Over at Ars, I analyze yesterday’s Perfect 10 decision:
Perfect 10 attempted to distinguish its service from the Kelly precedent in two ways. First, although Google doesn’t typically display advertising on image search result pages, some of the sites containing infringing images participate in Google’s AdSense program. Second, Perfect 10 had licensed its images for sale in thumbnail form to cell phone users, and the company argued that the thumbnails in Google’s search results undermined the market for cell-phone thumbnails. The district court sided with Perfect 10 in 2004, and Google appealed the decision.
Writing for the Ninth Circuit Court of Appeals, judge Sandra Ikuta firmly rejected both of those arguments. She noted that there was no evidence that any mobile phone users had actually used Google’s image search engine to download Perfect 10’s images. And while she acknowledged that Google did generate a small amount of revenue from infringing websites that participated in the AdSense program, she ruled that “the transformative nature of Google’s use is more significant than any incidental superseding use or the minor commercial aspects of Google’s search engine and website.”

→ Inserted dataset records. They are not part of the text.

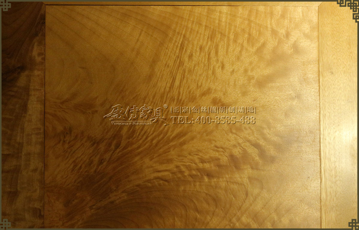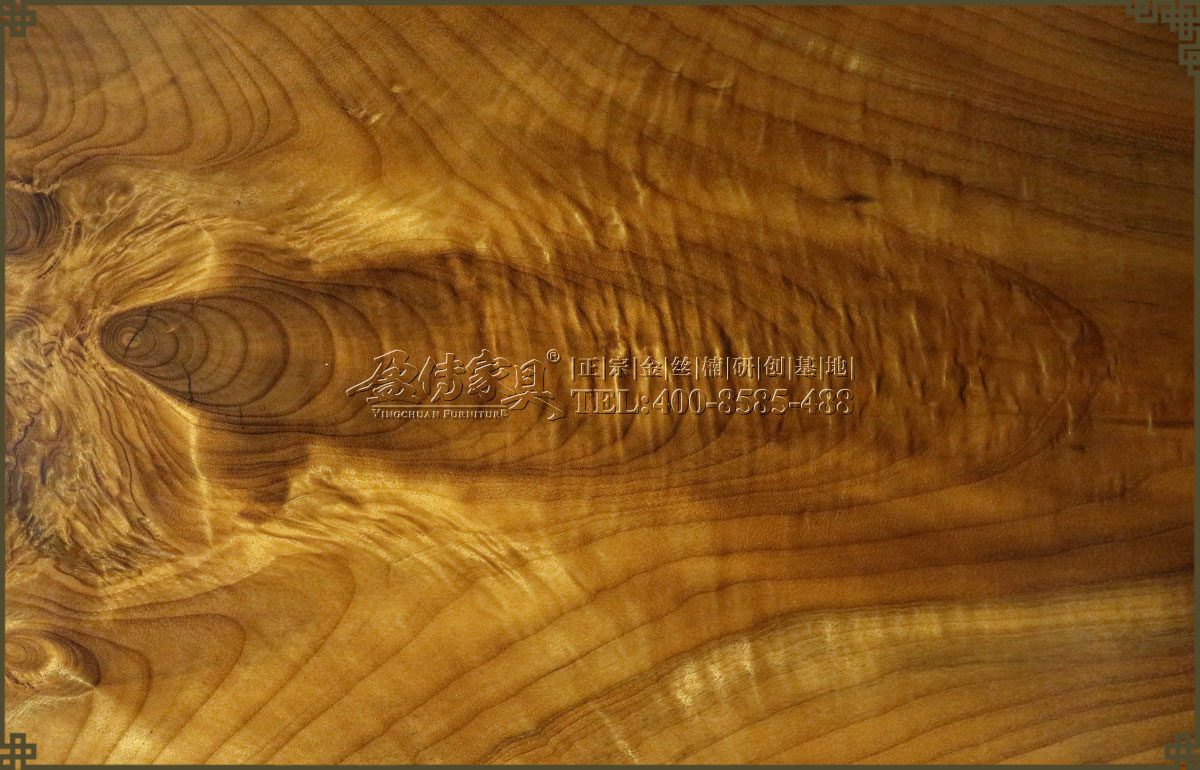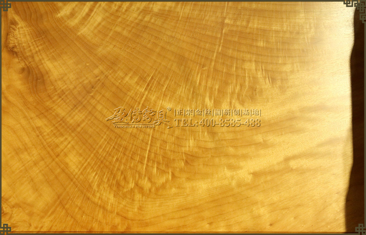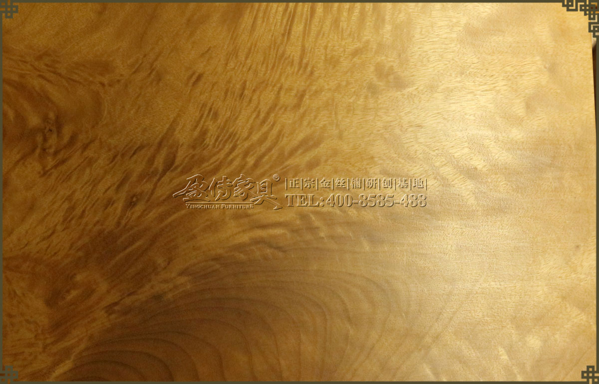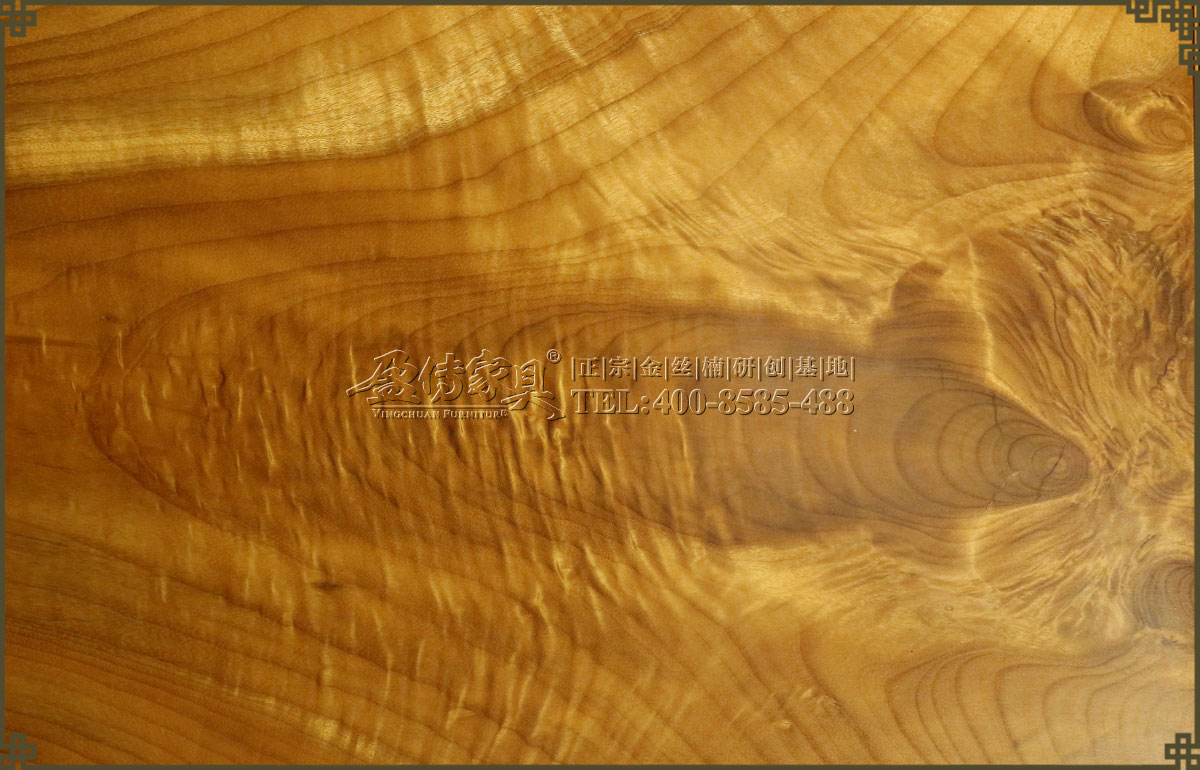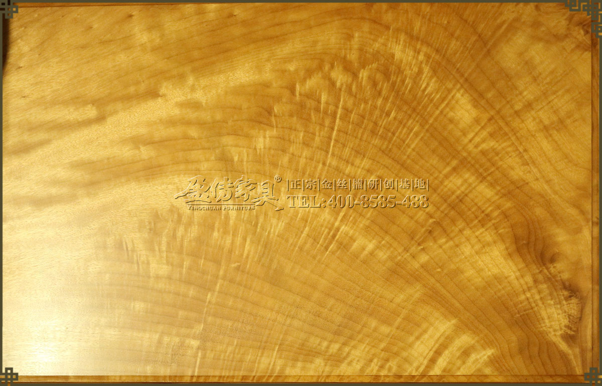 此款金絲楠沙發面板紋理對稱,實為難得的上品之作,其背板天然形成濤濤江水圖案,泛波粼粼,風景迤邐,引人遐想。高花架、方幾、炕幾的面板之中均游弋著一尾金鯉,形態各異,金絲隱隱,更是寓意連年有余。
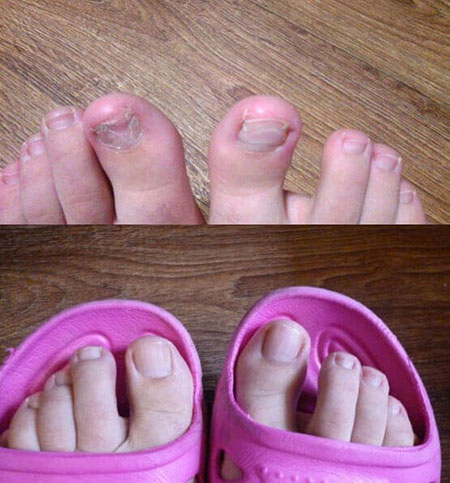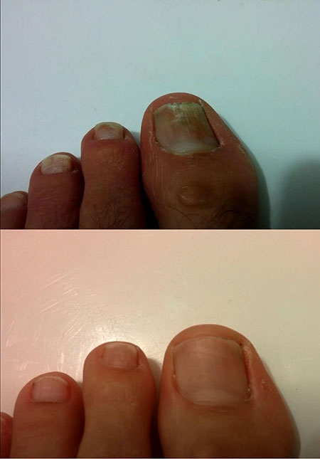 2. Onihomikoza (atletsko stopalo) jedna je od najčešćih mikoza. Gdje god ljudi idu bosi, tu vreba opasnost od zaraze. Spore gljivica mogu podnijeti i visoke (do 100 ° C) i niske (do minus 50-60 ° C) temperature i mogu ostati aktivne mjesecima. Budući da je pacijent prekasno potražio pomoć, bila je potrebna amputacija.
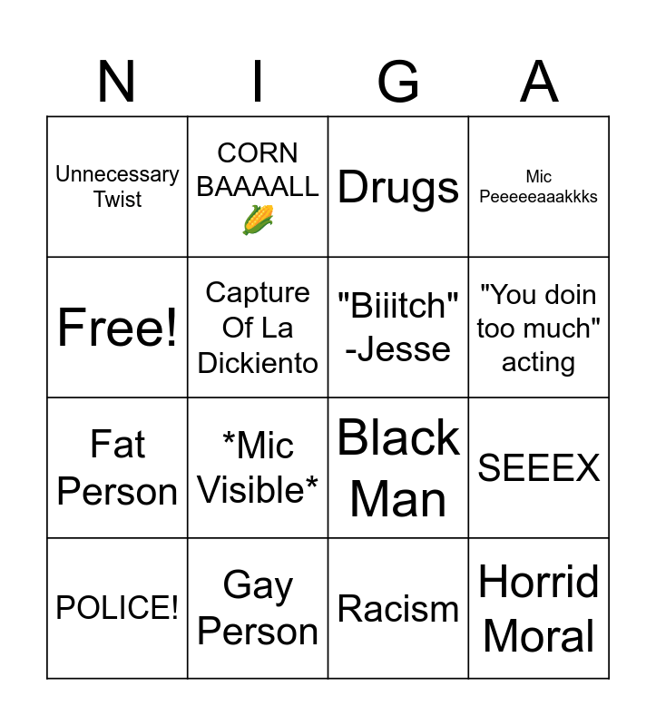 This bingo card has 16 words: Gay Person, SEEEX, Drugs, Unnecessary Twist, Fat Person, CORN BAAAALL🌽, Black Man, Racism, Free!, Capture Of La Dickiento, POLICE!, Mic Peeeeeaaakkks, *Mic Visible*, "You doin too much" acting, "Biiitch" -Jesse and Horrid Moral.
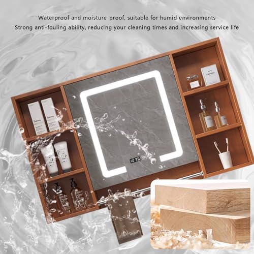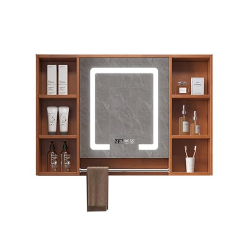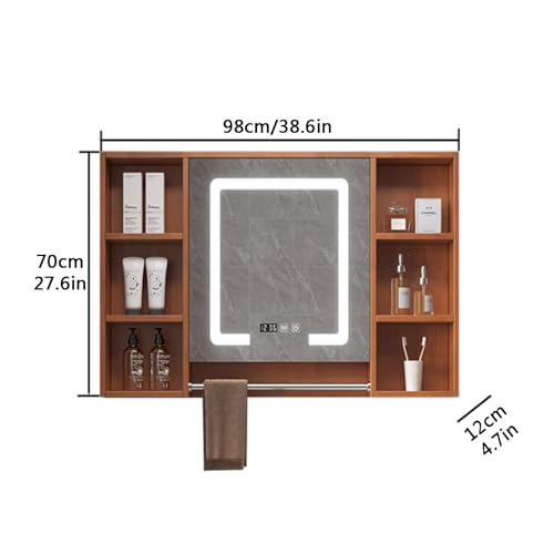 Solid wood smart medicine cabinet with mirror and lights,bathroom mirror with storage wall mounted,bathroom vanity mirror with defogger,led mirror medicine cabinet with towel rack,time display(Size:98

Perfect 10 seems to have taken a “kitchen sink” approach in its attack on Google, and the as a result the decision is kind of sprawling, touching on a variety of theories for both direct and indirect liability. As far as I can see, almost all of them worked out in a pro-Google (and in my view, a pro-innovation) direction. The possible trouble spot is the Napster issue, where the Ninth Circuit sent the case back to the district court for further consideration. But as long as Google can make a plausible case that they can’t be expected to police each of the billions of websites they link to, they should be fine.